Pigeon English
- Author: Stephen Kelman
- Language: English
- Published: 2011 (Bloomsbury Publishing)
- Publication place: United Kingdom
- Media type: Print (hardback)
- Pages: 288
- ISBN: 978-1408815687

= Pigeon English =

Book by Stephen Kelman

Pigeon English is the debut novel by English author Stephen Kelman. It is told from the point of view of Harrison Opoku, an eleven-year-old Ghanaian immigrant living on a tough London estate. It was shortlisted for the Man Booker Prize in 2011.

==Plot==
The novel begins with the death of a young boy on the fictional Dell Farm estate in an unspecified area of London. Harrison Opoku or 'Harri', is a recent Ghanaian immigrant living with his mother and older sister, Lydia. His father, younger sister and grandparents still live in Ghana, though they hope to move in the future. He becomes an amateur detective and tries to solve the murder of a boy who was murdered outside a fast food restaurant. He experiences an extreme amount of gang warfare and poverty. As well as investigating the murder with his best friend Dean, Harrison shares with the reader his thoughts, impressions and experiences of growing up in an environment beset with pressures and threats. The novel explores his attempts to remain good despite the corrupting forces around him. Harrison then befriends a pigeon, which narrates part of the book.

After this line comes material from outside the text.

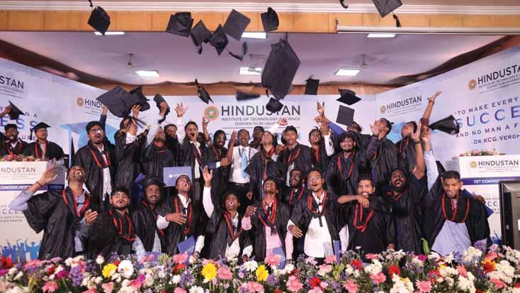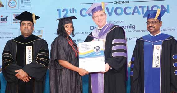 to India; and Mr. Priyadarshan, Indian Filmmaker graced the occasion as the Guests of Honour. Similarly, in the afternoon session of Day – 1, Dr. Peter Koenig Professor & Head, Institute for Automotive Technology, Trier University of Applied Sciences, Germany presided over as the Guest of Honour. During the Day – 2 of the Convocation, Dr. Saravanan, President & Chief Technology Officer, Ashok Leyland Ltd., and Dr. Kamal Kishore Sharma, Fellow of IIM – A, Director General, Taxila Business School, Jaipur presided as the Guests of Honour in the forenoon and afternoon sessions respectively. Dr. Elizabeth Verghese, Chancellor, HITS and Chairperson, Hindustan Group of Institutions; Dr. Anand Jacob Verghese, CEO, Hindustan Group of Institutions; Dr. S. N. Sridhara, Vice Chancellor; Dr. R.W. Alexander Jesudasan, Pro Vice Chancellor; Dr. Aby Sam, Director; Mr. Ashok Verghese, Director; Dr. Pon Ramalingam, Registrar; and Members of the Board of Management, Deans & HoDs, and Faculty Members presided over the grand event. During the Convocation, a total of 2093 graduands comprising UG, PG, Ph.D., and Diploma were awarded degrees. 70 Rank Holders were honoured with Prizes for their meritorious performance in academics. Doctor of Science (Honoris Causa) was conferred upon Mr. Kris Gopalakrishnan; and Doctor of Letters (Honoris Causa) was conferred upon H.E. Dr. Grace Akello and Mr. Priyadarshan. The Convocation was live-streamed in Hindustan’s YouTube Channel.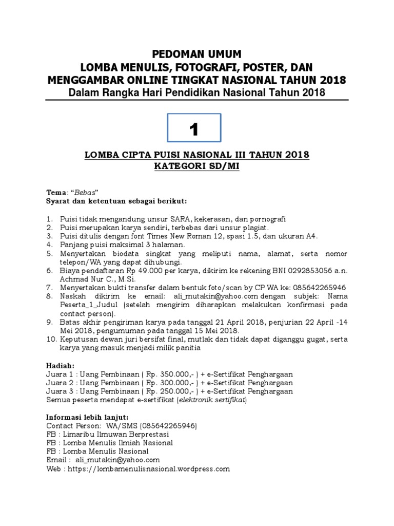 Pedoman Umum Lomba Menulis, Fotografi, Poster, Dan Menggambar …

Eventually, he traces the murderers as a gang of teenagers, only to be murdered at the end.

==Publication==
It was first published in March 2011 by Bloomsbury in the United Kingdom.

==Reception==
The novel was critically acclaimed on publication and was shortlisted for the 2011 Man Booker Prize. It went on to be shortlisted for ten awards, including the Guardian First Book Award, Desmond Elliott Prize, and Galaxy National Book Award. The book became a bestseller, and has featured in a national campaign launched by the National Literacy Trust and the Booker Prize Foundation to encourage prisoners to read. It is also widely studied in schools and universities.

==Stage adaptation==

The novel was adapted into a play by Fringe First winner Gbolahan Obisesan. The play was a co-commission between Bristol Old Vic Young Company and National Youth Theatre, directed by Miranda Cromwell. The play performed at the Bristol Old Vic and 2013 Edinburgh Festival.